Turning to the projections, Clinton’s turnaround continues to be reflected there as well. Nate Silver’s polls-only forecast, for example, projects a 81.3% likelihood of a Clinton victory and a 18.7% chance of a Republican victory while the ‘Polls-Plus’ forecast gives Clinton a 77.1% chance of winning versus 22.9% for Donald Trump and the “Now-cast,” which purports to project would happen if the election were held today, showing a 85.3% chance of a Clinton victory and a 14.6% chance of a Trump victory. These are all significant improvements over where Clinton was over the past two weeks. As was the case last week, Clinton fares slightly better in Sam Wang’s forecast and in Larry Sabato’s forecast. The New York Times, meanwhile, gives Clinton a 83% chance of winning the race while DailyKos gives Clinton a 93% chance of winning. These are also an improvement over Clinton’s position last week.

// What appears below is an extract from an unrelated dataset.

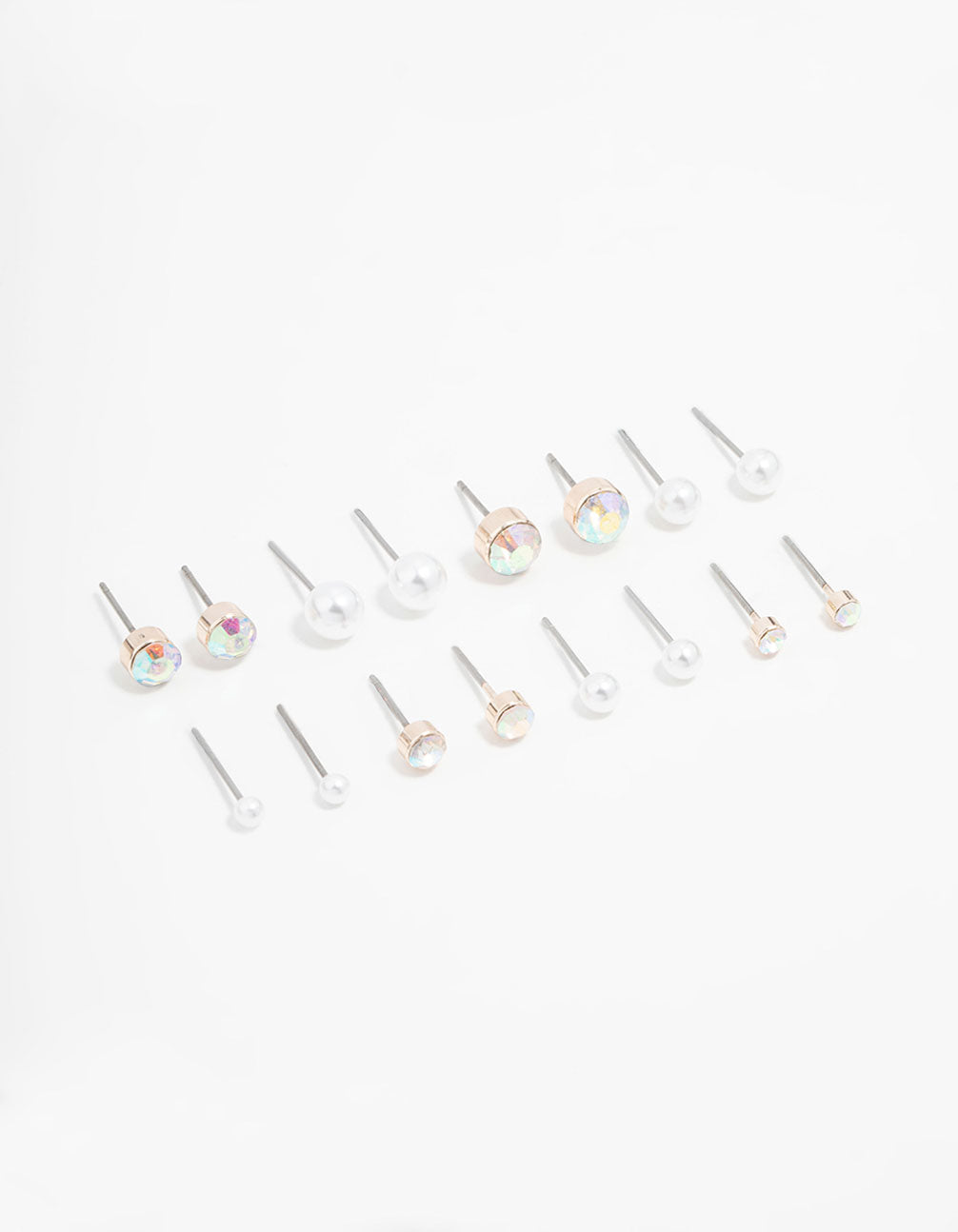 Rose Gold Round Pearl & Aurora Borealis Diamante Stud Earrings 8-Pack

The question going forward, of course, is what impact the latest revelations about Trump’s past statements about women, as well as his performance in tonight’s penultimate debate, will have on the race. For Trump’s core supporters, I tend to doubt that even these comments will be enough to turn them away from a candidate that they have invested their emotions in for the past sixteen months or more. However, Trump was never going to win the election with just the support of those core supporters. To do that, he needs to attract support from independents and other voters who weren’t already in his camp, and he needs to drastically improve his position among women and younger voters. Is it possible that Trump can show enough contrition to stop the bleeding from last week’s revelations? I suppose it is, but it doesn’t seem as though it’s very likely this will happen. First of all, Trump’s supporters are refusing to admit that the comments are as bad as they obviously are, and many of them seem to think that the best way to respond to questions about what Trump said is to regurgitate arguments from the 1990s regarding Bill Clinton’s sexual past, including the allegations that he had sexually assaulted several women going back to the time when he was Governor of Arkansas. The problem is that those stories were largely litigated 20 years ago and it seems unlikely that most Americans are going to want to hear about the yet again.. Second, it just isn’t in Trump’s nature to be apologetic and we already know that he is easily goaded into putting his foot in his mouth. In the last debate, for example, all Hillary Clinton had to do was mention the Miss Universe comments and Trump took to the issue like someone who can’t help himself when it comes to attacking people. Finally, the fact that this is going to be a “town hall” style debate means that it will be much harder for him to go on the attack against Clinton. Given all that, the odds that Trump will be able to turn things around seem to be quite low.